# Who sells good kovachii flasks?



## kiwi (Feb 12, 2018)

Could someone please advise as to the best place to obtain kovachii flasks?
Thanks


----------



## Tom Reddick (Feb 12, 2018)

I am not sure how the export rules work with kovachii, but I would check with Piping Rock Orchids first. They were the original source for flasks in the US- I had a few of that first batch, and they were pristine- and while they do not currently list the actual sizes and prices of what is available in kovachii, they do have the species listed with a "Please Inquire" notation.

First class operation over there, plus they are part of the international syndicate (my choice of wording) that has been introducing the species in a responsible manner worldwide. If they do not have flasks at the moment, or if they cannot ship to you in New Zealand- I am confident they will give you the best guidance as to alternative legitimate resources available to you.


----------



## NYEric (Feb 13, 2018)

Wow! Interesting choice of words.


----------



## ehanes7612 (Feb 13, 2018)

Intrigue


----------



## Silvan (Feb 13, 2018)

You can get kovachii flasks from the same place you got your flask of Apollo... 
Also, there's Ecuagenera and peruflora.


----------



## kiwi (Feb 14, 2018)

Thanks everyone I have found some from Alfredo Manrique.


----------



## Tom Reddick (Feb 15, 2018)

NYEric said:


> Wow! Interesting choice of words.



Ha- not intended to be derogatory. I agonized a bit over what to say. I couldn't really say cartel.
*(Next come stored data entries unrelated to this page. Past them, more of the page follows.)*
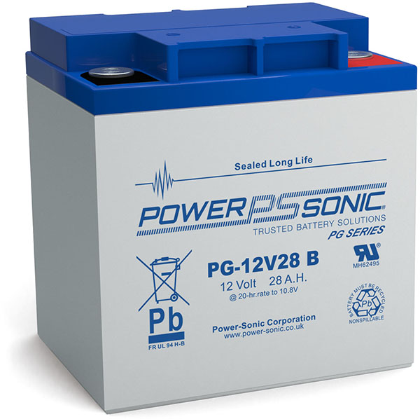 PowerSonic PG Series PG-12V28H 12 Volt / 28 Ah @20 Hr Lead Acid Battery with Recessed M5 Terminals / ABS Plastic Case
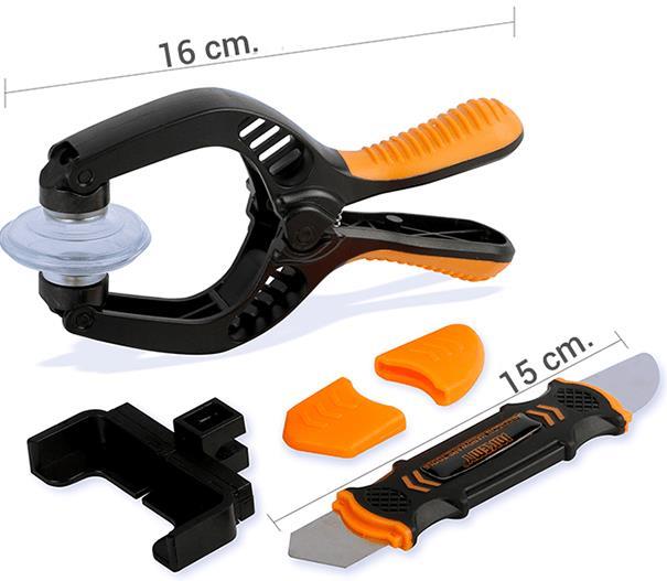 Cep telefon tamir seti içine dahil olan LCD açma pensesi, çalışırken kaymaya karşı kontürlu yapısı sayesinde doğabilecek iş kazalarının önüne geçer. Jakemy JM-OP14 Telefon Tamir Seti deformasyonlara karşı son derece dirençli sap bölümüne sahiptir ve her marka telefon ve tablet boyutuna göre ayarlanabilir yapıya sahiptir. Bir çok işlemde kullanabileceğiniz emme vantuzları ile kullanışlı ve uzun ömürlü bir üründür.
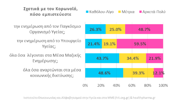 Ποσοστό 59,5% εμπιστεύεται πολύ έως απόλυτα την ενημέρωση του Υπουργείου Υγείας, ενώ μεγάλο είναι το ποσοστό των ανθρώπων που εμπιστεύονται και τον Παγκόσμιο Οργανισμό Υγείας.
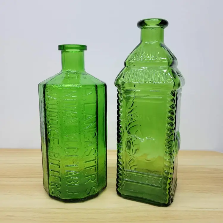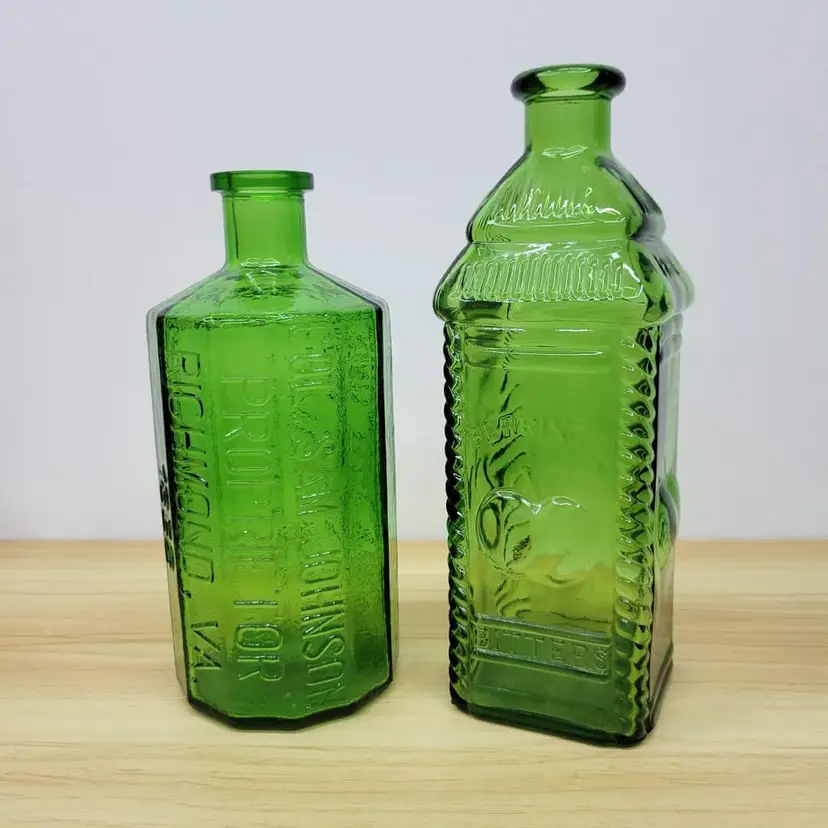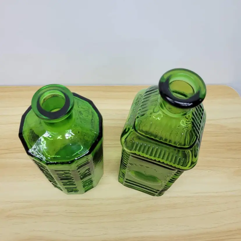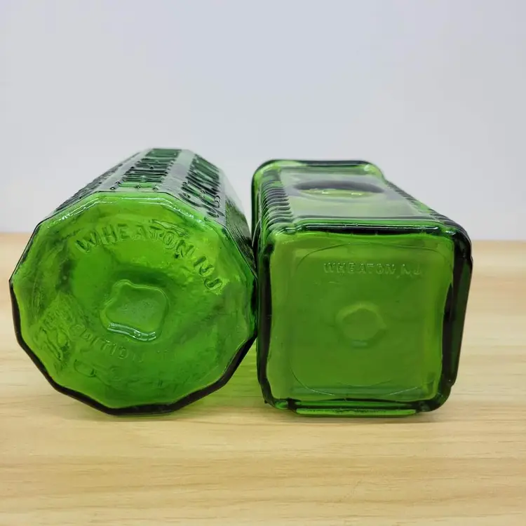 Incredibly cool set. These make a perfect pair for a Halloween potions poison bottle display. Stunning green color!
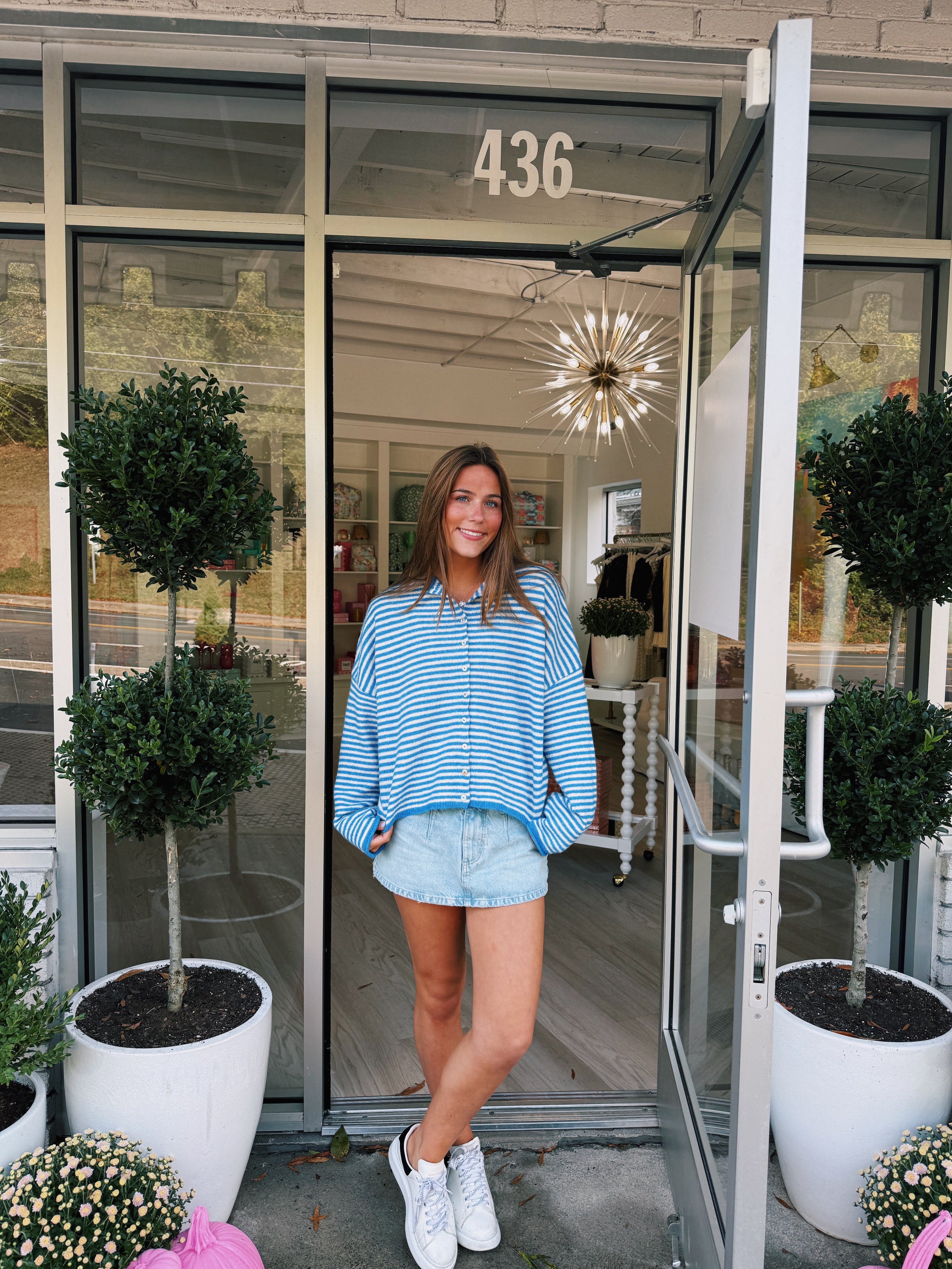 Cozy Cardigan- Blue Striped

kiwi- glad you found some flasks. Look forward to hearing how they grow for you.


----------



## NYEric (Feb 16, 2018)

Tom Reddick said:


> Ha- not intended to be derogatory. I agonized a bit over what to say. I couldn't really say cartel.


OMG!!!


----------



## YiZeOrchids (Mar 10, 2019)

@kiwi do you have Alfredo Manrique's contact information? I also want to purchase some PK flasks. How much did they cost and plantlet cost?


----------



## ehanes7612 (Mar 12, 2019)

Chuck Acker has flasks ready for end of year


----------



## richgarrison (Mar 12, 2019)

Sam @ Orchidinn also has had some in the past... Marni Turkel had a left over flask from OZ on ebay recently


----------



## NYEric (Mar 12, 2019)

Manrique = Piping Rock but Glen doesn't sell flasks I believe. I am in the Peruvian orchid forum with Manrique, do you still need contact info?


----------



## kiwi (Apr 4, 2019)

Hi Eric,
Thanks for that. I did manage to find a source.


----------



## loneroc (Apr 9, 2019)

Um. How about "consortium"?


----------



## YiZeOrchids (Apr 26, 2019)

@NYEric, I was able to reach out to Manrique. Thank you though!


----------



## NYEric (Apr 30, 2019)

Good, the #1 source.


----------